Monday, June 27, 2011

What do you feed a 1 year old?

The post below was written at the end of June, but I forgot to finish and post it.

There have been a lot of changes with Annika's eating since my last post, so I will try to be brief while trying to include everything.
After she came off her liquid diet, she was immersed into foods pretty quickly. The first week was stage 1 baby foods only. The second week was stage 2 foods plus some yogurt. Annika did really well with these, although she developed some preferences to some foods over than others (just like any baby will do I imagine).
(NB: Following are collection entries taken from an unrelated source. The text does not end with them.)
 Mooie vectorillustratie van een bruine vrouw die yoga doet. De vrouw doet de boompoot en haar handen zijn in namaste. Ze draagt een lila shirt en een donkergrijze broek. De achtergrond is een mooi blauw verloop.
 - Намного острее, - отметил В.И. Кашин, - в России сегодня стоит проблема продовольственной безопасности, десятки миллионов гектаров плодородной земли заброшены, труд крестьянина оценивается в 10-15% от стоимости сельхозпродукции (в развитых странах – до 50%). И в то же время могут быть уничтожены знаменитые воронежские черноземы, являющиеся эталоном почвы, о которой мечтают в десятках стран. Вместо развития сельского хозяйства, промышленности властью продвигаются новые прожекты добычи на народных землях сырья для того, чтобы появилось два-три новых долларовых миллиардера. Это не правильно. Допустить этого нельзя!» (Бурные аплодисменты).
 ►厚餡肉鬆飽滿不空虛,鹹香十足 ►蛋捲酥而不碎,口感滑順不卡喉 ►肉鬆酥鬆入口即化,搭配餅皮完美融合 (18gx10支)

The third week was stage 3 baby foods and "anything you can squish between your fingers" according to the doctors. I wish the doctor would have given me a list of foods because I had a hard time coming up with things that qualified. We tried bananas, jello, chunkier yogurt, and pasta, but she pretty much rejected everything that came her way. Even some of the stage 3 foods were too much for her to handle.
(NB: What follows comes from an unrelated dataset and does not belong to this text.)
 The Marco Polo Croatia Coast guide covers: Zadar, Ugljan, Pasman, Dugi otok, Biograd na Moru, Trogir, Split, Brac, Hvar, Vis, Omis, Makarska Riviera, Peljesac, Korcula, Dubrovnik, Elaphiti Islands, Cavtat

We struggled for a week, and the fourth week was time for her to eat ANYTHING she wanted! Ross and I were so excited for her, and we wondered what foods she would really latch onto. It turns out that the doctor sort of glorified this stage. He said she could eat anything she wanted, but did not mention that she might not want any of it at all! This was the case with Annika. I think Ross and I were so excited, we figured she would be too. But when we started introducing new things, like peaches, waffles, raisins, grilled cheese, and so on, she refused everything we gave her. The one thing she really like was animal crackers (which she had before her palate surgery, so it was familiar). For about 1 week, she ate nothing besides yogurt and animal crackers. Every meal I ate, I put something new in front of her. Things I heard that other babies liked was proving to be unsuccessful for her. After a week, I called Dr. Mann's office to see if we should start food therapy (always jumping to the extreme I guess). After answering a few of the nurses questions, I was let down gently..."It sounds like she just has an extreme preference." She also reassured me that this is more common in babies with clefts, and I should not worry yet. I was advised to put the animal crackers away, and only take them out for desserts or rewards for eating the desired food. Ross and I obeyed, and the stubborn nature that Ross and my parents talk about us having as kids came out in Annika. She sat at dinner with plenty of delicious foods in front of her, and a few times she ate nothing. Other days, she would try a bite by force with animal crackers as the reward for not spitting it back out. There was even one night where we gave her 7 time out for throwing the one piece of food that was on her tray for her to eat.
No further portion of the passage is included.